Back in the early days of computing when only immense, big-iron computers roamed the earth, Stanley Frankel created the revolutionary LGP-30 desk computer. Back when the sale of one, two, or maybe three units per computer design was the norm, LibraScope built and shipped more than 500 LGP-30s from 1956 through the early 1960s. It proved to be a very durable design for the time. This tiny titan used only 113 vacuum tubes and 1450 newfangled germanium diodes (from the discard pile at Hughes Aircraft) to create a working computer. The LGP-30’s main memory and even its three 32-bit CPU registers were stored on its magnetic rotating-drum memory.

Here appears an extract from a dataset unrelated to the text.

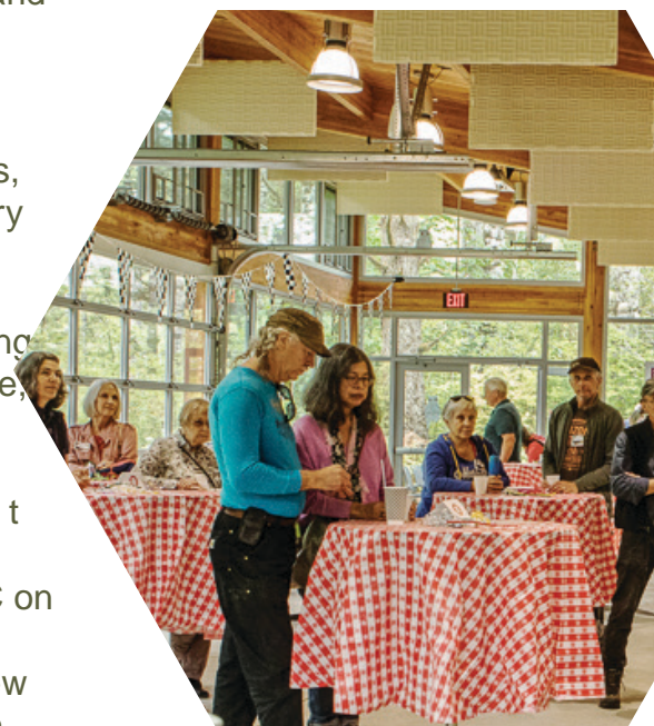
Routebeer event at the Tillamook Forest Center, September 2019

This ad for Stan Frankel’s LGP-30 personal computer appeared in the Proceedings of the IRE in April, 1959.
The LGP-30 was a significant milestone in computer history. It was the first computer to be used as a process-control machine due to its “low” $27,000 cost. John Kemeny and Thomas Kurtz at Dartmouth College used an LGP-30 during the early 1960s to develop several simplified programming languages designed for undergraduate study: DARSIMCO (Dartmouth Simplified Code), DART, ALGOL 30, SCALP (Self-Contained ALGOL Processor), and DOPE (Dartmouth Oversimplified Programming Experiment). They called the successor to these languages the Beginner’s All-purpose Symbolic Instruction Code (BASIC) but by the time they developed BASIC, they’d graduated to General Electric GE-225 and Datanet-30 computers.
Now, Jürgen Müller has developed a timing-faithful miniature replica of the LGP-30 called the LittleGP-30. It’s based on a Xilinx Spartan-6 LX9 FPGA, which recreates the LGP-30’s CPU and its rotating magnetic drum, reads the user controls, and drives the displays.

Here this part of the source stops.